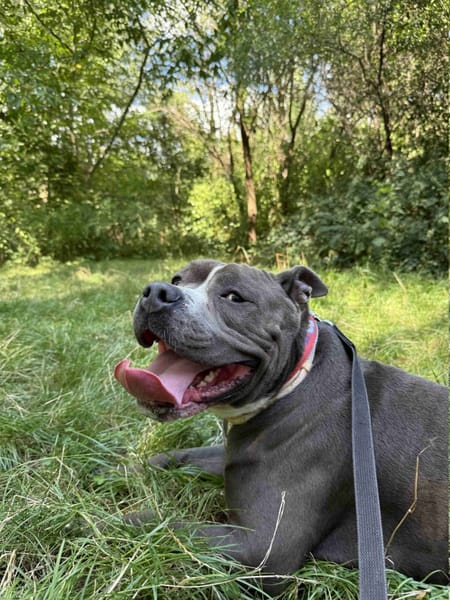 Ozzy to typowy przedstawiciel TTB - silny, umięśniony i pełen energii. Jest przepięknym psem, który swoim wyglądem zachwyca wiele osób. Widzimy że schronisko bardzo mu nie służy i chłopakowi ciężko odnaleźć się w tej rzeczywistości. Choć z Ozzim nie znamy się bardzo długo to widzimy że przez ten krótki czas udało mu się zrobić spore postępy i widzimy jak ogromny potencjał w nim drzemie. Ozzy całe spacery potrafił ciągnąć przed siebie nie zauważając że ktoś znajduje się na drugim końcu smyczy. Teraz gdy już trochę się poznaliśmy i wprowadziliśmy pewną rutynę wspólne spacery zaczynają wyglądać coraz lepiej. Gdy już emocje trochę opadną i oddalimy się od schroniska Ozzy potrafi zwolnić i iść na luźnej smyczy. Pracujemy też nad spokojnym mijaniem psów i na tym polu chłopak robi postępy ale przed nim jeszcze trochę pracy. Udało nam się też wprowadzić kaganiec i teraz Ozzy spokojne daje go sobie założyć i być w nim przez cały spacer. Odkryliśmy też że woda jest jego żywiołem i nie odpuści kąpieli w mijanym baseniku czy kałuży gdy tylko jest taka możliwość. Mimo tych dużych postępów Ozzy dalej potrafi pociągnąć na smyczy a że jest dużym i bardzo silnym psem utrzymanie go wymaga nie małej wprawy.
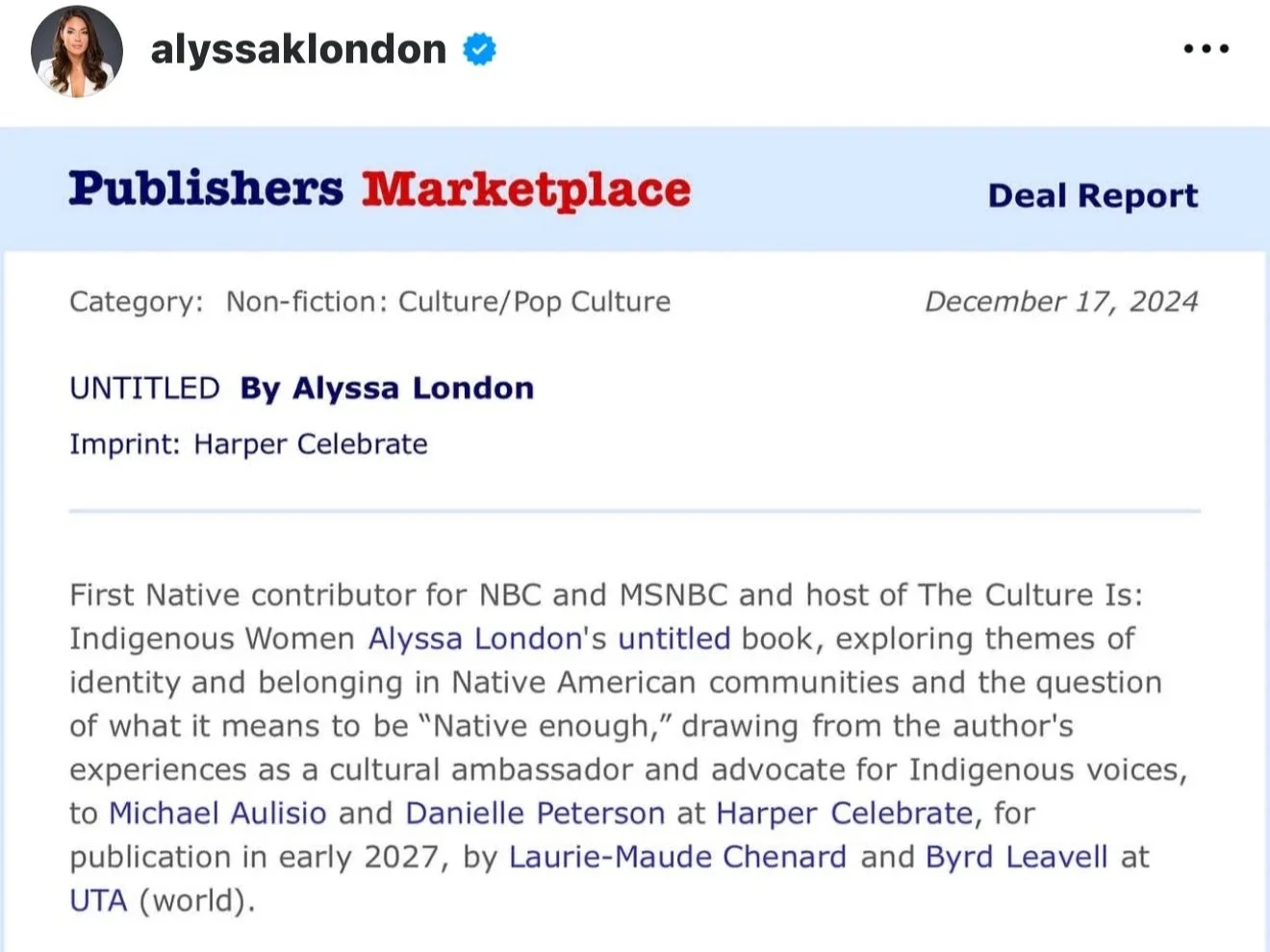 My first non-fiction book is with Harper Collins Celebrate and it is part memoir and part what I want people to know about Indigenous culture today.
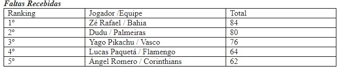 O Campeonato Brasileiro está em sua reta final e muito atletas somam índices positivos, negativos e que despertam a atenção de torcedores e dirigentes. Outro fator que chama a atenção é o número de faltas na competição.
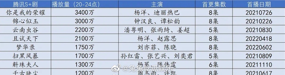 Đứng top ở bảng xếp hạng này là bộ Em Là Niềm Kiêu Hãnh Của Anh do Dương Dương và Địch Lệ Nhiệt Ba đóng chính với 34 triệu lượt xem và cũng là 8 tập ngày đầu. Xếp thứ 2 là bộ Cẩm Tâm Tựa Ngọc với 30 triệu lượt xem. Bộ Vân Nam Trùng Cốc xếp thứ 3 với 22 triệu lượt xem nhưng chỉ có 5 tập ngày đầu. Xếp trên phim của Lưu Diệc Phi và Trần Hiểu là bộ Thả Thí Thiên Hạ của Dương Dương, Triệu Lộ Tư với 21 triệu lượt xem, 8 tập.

Problem requirements.
Would you please set down the listing above exactly, minus its images?

Answer area.
 Ozzy to typowy przedstawiciel TTB - silny, umięśniony i pełen energii. Jest przepięknym psem, który swoim wyglądem zachwyca wiele osób. Widzimy że schronisko bardzo mu nie służy i chłopakowi ciężko odnaleźć się w tej rzeczywistości. Choć z Ozzim nie znamy się bardzo długo to widzimy że przez ten krótki czas udało mu się zrobić spore postępy i widzimy jak ogromny potencjał w nim drzemie. Ozzy całe spacery potrafił ciągnąć przed siebie nie zauważając że ktoś znajduje się na drugim końcu smyczy. Teraz gdy już trochę się poznaliśmy i wprowadziliśmy pewną rutynę wspólne spacery zaczynają wyglądać coraz lepiej. Gdy już emocje trochę opadną i oddalimy się od schroniska Ozzy potrafi zwolnić i iść na luźnej smyczy. Pracujemy też nad spokojnym mijaniem psów i na tym polu chłopak robi postępy ale przed nim jeszcze trochę pracy. Udało nam się też wprowadzić kaganiec i teraz Ozzy spokojne daje go sobie założyć i być w nim przez cały spacer. Odkryliśmy też że woda jest jego żywiołem i nie odpuści kąpieli w mijanym baseniku czy kałuży gdy tylko jest taka możliwość. Mimo tych dużych postępów Ozzy dalej potrafi pociągnąć na smyczy a że jest dużym i bardzo silnym psem utrzymanie go wymaga nie małej wprawy.
 My first non-fiction book is with Harper Collins Celebrate and it is part memoir and part what I want people to know about Indigenous culture today.
 O Campeonato Brasileiro está em sua reta final e muito atletas somam índices positivos, negativos e que despertam a atenção de torcedores e dirigentes. Outro fator que chama a atenção é o número de faltas na competição.
 Đứng top ở bảng xếp hạng này là bộ Em Là Niềm Kiêu Hãnh Của Anh do Dương Dương và Địch Lệ Nhiệt Ba đóng chính với 34 triệu lượt xem và cũng là 8 tập ngày đầu. Xếp thứ 2 là bộ Cẩm Tâm Tựa Ngọc với 30 triệu lượt xem. Bộ Vân Nam Trùng Cốc xếp thứ 3 với 22 triệu lượt xem nhưng chỉ có 5 tập ngày đầu. Xếp trên phim của Lưu Diệc Phi và Trần Hiểu là bộ Thả Thí Thiên Hạ của Dương Dương, Triệu Lộ Tư với 21 triệu lượt xem, 8 tập.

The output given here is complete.